### Material to process
::::::::::
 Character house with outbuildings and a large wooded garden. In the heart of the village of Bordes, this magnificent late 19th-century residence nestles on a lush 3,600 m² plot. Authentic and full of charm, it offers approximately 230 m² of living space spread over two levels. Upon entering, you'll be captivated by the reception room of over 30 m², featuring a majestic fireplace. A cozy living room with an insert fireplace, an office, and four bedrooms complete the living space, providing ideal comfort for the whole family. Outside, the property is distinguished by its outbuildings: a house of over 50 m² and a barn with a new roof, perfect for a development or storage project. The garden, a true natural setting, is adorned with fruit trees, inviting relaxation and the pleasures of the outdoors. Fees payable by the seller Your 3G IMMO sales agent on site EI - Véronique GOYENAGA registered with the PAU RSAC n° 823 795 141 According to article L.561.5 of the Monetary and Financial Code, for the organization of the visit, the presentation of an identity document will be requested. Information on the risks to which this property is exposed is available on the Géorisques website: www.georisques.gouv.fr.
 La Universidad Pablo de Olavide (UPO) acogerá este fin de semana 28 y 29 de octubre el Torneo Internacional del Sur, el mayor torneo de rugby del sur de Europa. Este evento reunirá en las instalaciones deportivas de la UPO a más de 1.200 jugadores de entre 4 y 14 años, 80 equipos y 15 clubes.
::::::::::
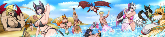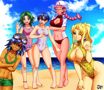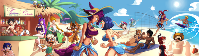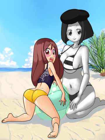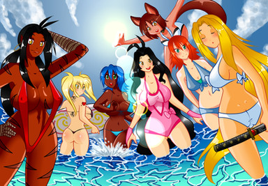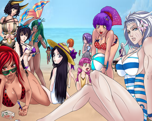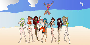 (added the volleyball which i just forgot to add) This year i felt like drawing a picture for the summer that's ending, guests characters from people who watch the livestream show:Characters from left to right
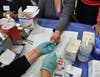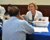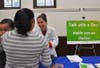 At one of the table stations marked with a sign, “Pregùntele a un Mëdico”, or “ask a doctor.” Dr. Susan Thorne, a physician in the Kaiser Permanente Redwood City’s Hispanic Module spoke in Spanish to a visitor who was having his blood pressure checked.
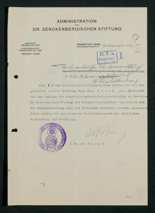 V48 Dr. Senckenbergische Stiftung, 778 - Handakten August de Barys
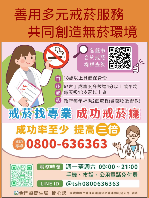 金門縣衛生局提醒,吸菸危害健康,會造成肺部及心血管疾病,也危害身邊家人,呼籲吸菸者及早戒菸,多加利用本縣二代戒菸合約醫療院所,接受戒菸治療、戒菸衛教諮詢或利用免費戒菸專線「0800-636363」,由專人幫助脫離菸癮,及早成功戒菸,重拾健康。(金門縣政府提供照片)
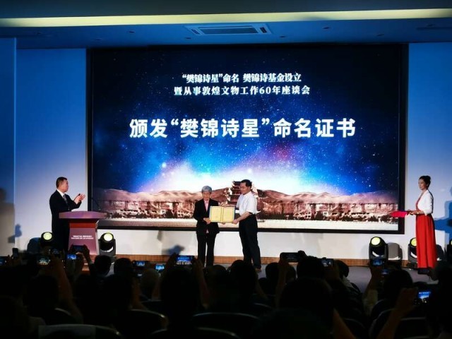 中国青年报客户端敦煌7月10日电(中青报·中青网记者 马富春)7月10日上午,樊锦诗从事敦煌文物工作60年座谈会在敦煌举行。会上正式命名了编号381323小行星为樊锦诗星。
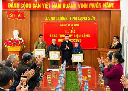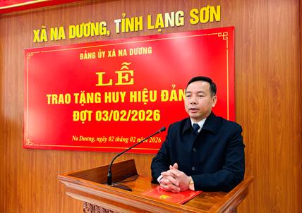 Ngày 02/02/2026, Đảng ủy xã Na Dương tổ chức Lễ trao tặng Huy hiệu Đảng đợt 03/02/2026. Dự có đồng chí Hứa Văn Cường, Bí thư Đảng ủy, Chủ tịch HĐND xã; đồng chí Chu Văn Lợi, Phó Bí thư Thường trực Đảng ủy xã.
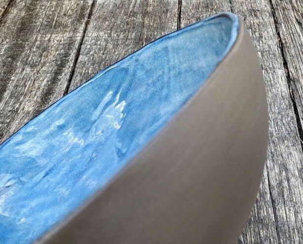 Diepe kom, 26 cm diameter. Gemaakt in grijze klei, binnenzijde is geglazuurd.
::::::::::
### Description of the task
The expected answer is an exact copy of the lines above, beginning at the line with "Character house with" and ending at the line with "La Universidad Pablo", with both ends in.

### Answer to this exercise
 Character house with outbuildings and a large wooded garden. In the heart of the village of Bordes, this magnificent late 19th-century residence nestles on a lush 3,600 m² plot. Authentic and full of charm, it offers approximately 230 m² of living space spread over two levels. Upon entering, you'll be captivated by the reception room of over 30 m², featuring a majestic fireplace. A cozy living room with an insert fireplace, an office, and four bedrooms complete the living space, providing ideal comfort for the whole family. Outside, the property is distinguished by its outbuildings: a house of over 50 m² and a barn with a new roof, perfect for a development or storage project. The garden, a true natural setting, is adorned with fruit trees, inviting relaxation and the pleasures of the outdoors. Fees payable by the seller Your 3G IMMO sales agent on site EI - Véronique GOYENAGA registered with the PAU RSAC n° 823 795 141 According to article L.561.5 of the Monetary and Financial Code, for the organization of the visit, the presentation of an identity document will be requested. Information on the risks to which this property is exposed is available on the Géorisques website: www.georisques.gouv.fr.
 La Universidad Pablo de Olavide (UPO) acogerá este fin de semana 28 y 29 de octubre el Torneo Internacional del Sur, el mayor torneo de rugby del sur de Europa. Este evento reunirá en las instalaciones deportivas de la UPO a más de 1.200 jugadores de entre 4 y 14 años, 80 equipos y 15 clubes.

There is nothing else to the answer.